(Palestine). On 4 November  2021, at the University of Bethlehem in Palestine, the Seminar entitled “Deir Beit Gamal: Heritage, Community Engagement, and Research” was held with the aim of introducing the history of the Salesian House of Don Bosco St. Joseph of Betgamāl, in Israel, from the Middle Eastern Province of Jesus the Adolescent (MOR), where the Venerable lived and gave his nursing service Simone (Sim‘ān) Srugi, SDB Brother.

Born in Nazareth on 15 April 1877, from 1900 as soon as he was newly professed, he was in Betgamāl with various positions, including the medical-nursing clinic attached to the Salesian house. From 1930 to 1942 he carefully recorded the names of patients, the pathologies, and treatments, the villages of origin.

8 Registers have been preserved, the last is exhibited at the Don Bosco House Museum in Turin-Valdocco,  which document the health service provided every day to dozens of sick people (40-45 on average, for a total of over 30,000), coming from more than 70 villages, up to 60 km distant.

The guest speaker, Prof. Giovanni Caputa, SDB of the Betgamāl Community, introduced various aspects of the history of the Salesian House and of the work of Venerable Srugi. In particular, he presented the documents he wrote,  the medicine registers (1932-1942), the manuals and recipes used, the pocket notebooks of the medicine components he prepared, the accounts of the community treasurer, and the correspondence with doctors and benefactors of the clinic, which are now being studied by researchers.
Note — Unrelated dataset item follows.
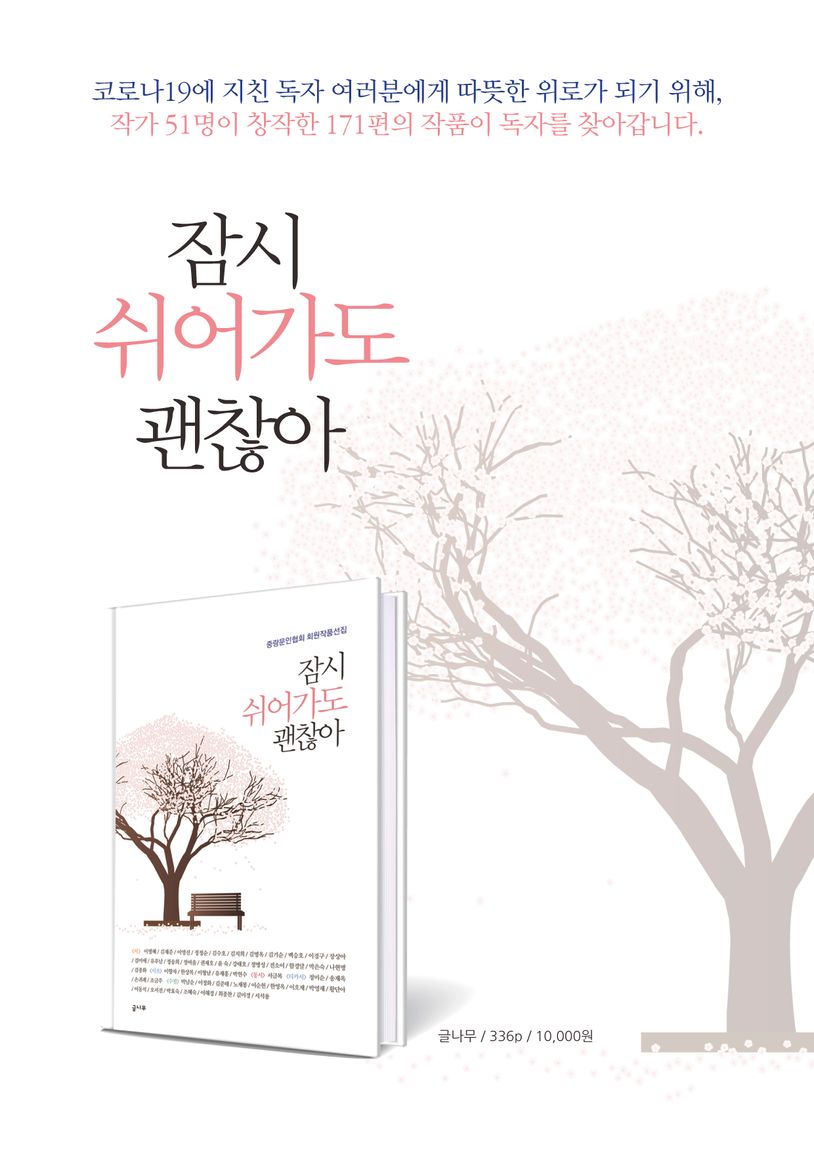 책머리에 회장 정송희 03 【시】이명혜 009 필봉산·25외4편김재준 017 봄의소리외3편이영선 023 헛되고헛되니헛되도다외4편정정순 029 봄날의잔치외4편김수호 035 용마산의봄외4편김지희 045 세화리38외2편김명옥 049 휴지,너도데레사꽃외4편김기순 057 늙은호박외2편백승호 061 다도해외4편이경구 067 겨울을배웅하다외3편장상아 075 찬비외4편김미애 083 미움외3편유후남 089 할매들의반란외4편정송희 095 봄마중외4편정여울 101 봄풍경외2편권재호 105 중심을찾아외4편윤숙 111 불꽃피우기외2편강태호 115 운현궁돌담길외1편정병성 119 꽃소금팝니다외4편전소이 125 마중물외4편함경달 131 대한민국!태양이떠오른다외1편박은숙 137 가을,날아오르다외2편나현명 141 작은여우외1편김종화 145 용마폭포공원외4편【시조】이향자 151 직박구리한쌍외2편한상목 155 눈밭외2편이형남 159 아픔을쓸어내리다외4편유재홍 165 봄은또오는데외2편박헌수 169 철새떼발질외1편【동시】서금복 173 아이스크림을먹을때마다외4편【디카시】정미순 181 균형외4편송재옥 187 철새외4편손귀례 193 모집요강외4편조금주 199 난너만보여외4편【수필】박남순 205 덕분인것도있더라외1편이정화 213 토우새외1편김준태 221 퍼플피플천사의섬외1편노재봉 231 상선약수의삶을꿈꾸며외1편이순헌 237 다어디로갔을까외1편한영옥 245 일상탈출외1편이호재 253 머거리외1편박영재 259 버킷리스트외1편황단아 267 만보걷기이동석 275 효자콤플렉스외1편오서진 281 나무의저녁외1편박효숙 289 몰아주기외1편조혜숙 295 불곰을밀어낸양외1편이해경 303 딸깍발이정신최종찬 309 만남외1편김미경 319 도깨비방망이외1편서석용 327 문자통신외1편

During the Seminar, the University of Bethlehem launched the project of an interdisciplinary study, from a sociological, medical-nursing, cultural point of view, of this still unexplored archival heritage. The academic and religious authorities who attended the presentation encouraged the project, the results of which will make that historical period in Palestine better known, and the role that the Salesian community of Betgamāl played in that poor region suffering from endemic malaria.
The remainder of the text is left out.